Ce matin, j'ai voulu acheter des fleurs. J'aime le lys particulièrement. Ce sont des fleurs guindées, solennelles, qui n'ont pas la sensualité des pivoines, ni la subtilité du jasmin. Etoiles rigides, neiges sirupeuses. Obsédantes et volages sirènes végétales.
Ce n'est pas un geste anodin que de mettre des fleurs dans un vase. C'est une mise à mort. C'est mettre en évidence la fragilité de ce monde, son impermanence, son inexorable cycle de vie et de mort.

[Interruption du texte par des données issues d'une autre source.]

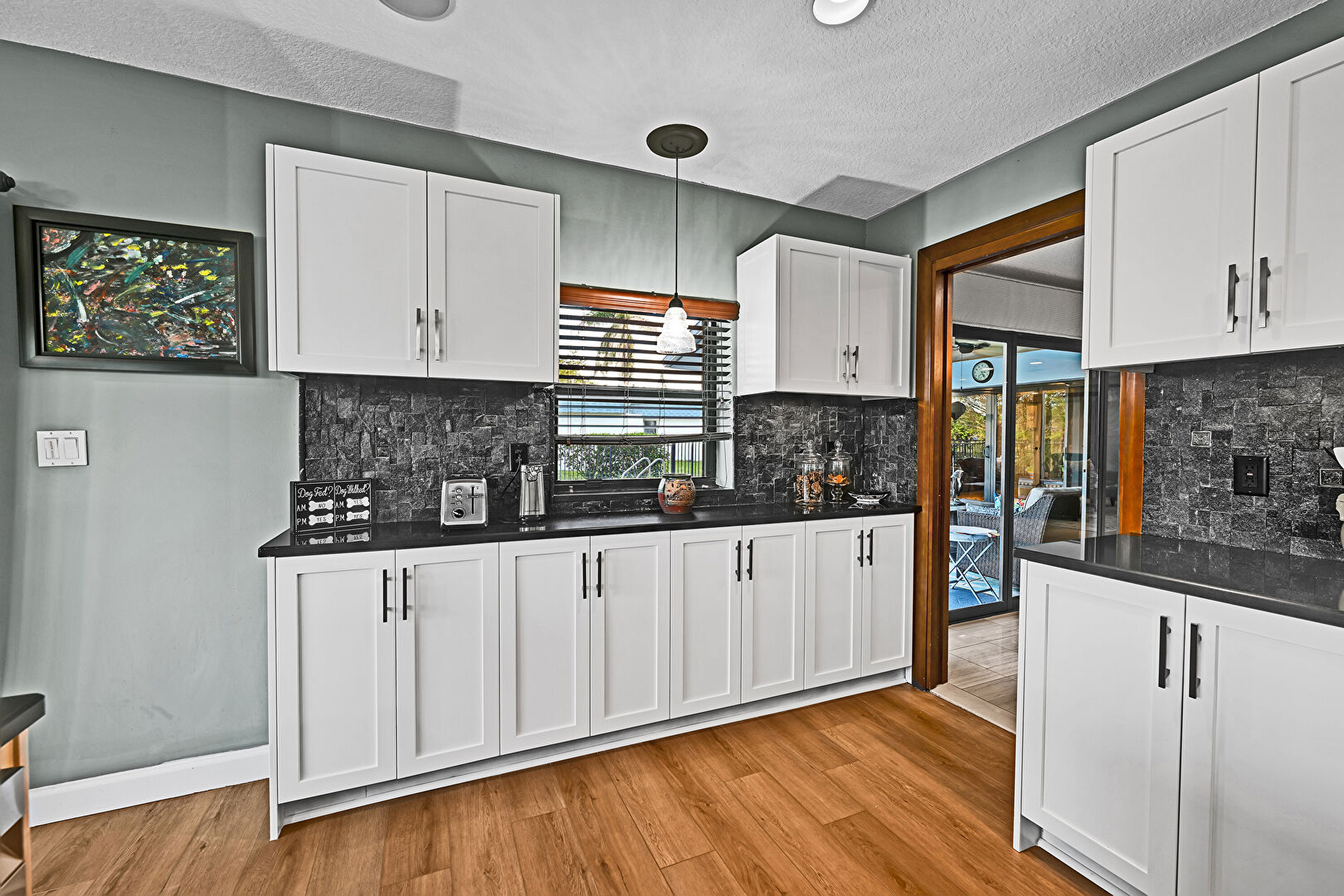Baseboards Wall, Ceiling Fan, Drywall, Kitchen Island, Natural Light, Notable Chandelier, Pendant Lighting, Recessed Lighting, Shaker Cabinets, Stone Countertops, Textured Ceiling, Toaster, Vent, Wood Finish Floor, Natural Light, Recessed Lighting, Stone Countertops, Vent, Wood Finish Floor

Toute fleur doit mourir.
Au réveil, deux lys sur trois s'étaient brisés, accablés par le poids de leurs fleurs. Avec un couteau, j'ai coupé les tiges au-dessus de leur blessure. Les fleurs continuent de s'ouvrir, grasses, blanches, tachées d'orange. L'eau leur monte plus vite à la tête- l'eau et peut-être la solitude, le silence, la jouissance de vivre sans prudence aucune.
Christian Bobin
Et puis finalement, j'ai renoncé aux lys. Je suis rentrée chez moi, les mains vides, sans fleurs. Mais dans la rue, je marchais, le coeur flottant bien au-dessus du gris, du froid, de la lourdeur.
Au fond de moi, un champ de lys infini, à perte de mémoire. Des lys ouverts et blancs derrière tous les brouillards de l'hiver. Des lys ivres de ce printemps permanent à l'intérieur de moi. Dans l'eau de ce corps que je porte l'espace d'un souffle. Cette eau destinée à finir en larmes ou en cendres.
Peu importe le vent, la neige ou l'engelure. Peu importe le temps qui brasse la poussière des choses. Les fleurs que je porte à l'intérieur de moi sont éternelles. Je peux les contempler autant que je le souhaite. Elles restent immaculées dans la présence et dans l'absence, dans la joie ou dans les larmes. Voila les seules fleurs que nous devons offrir.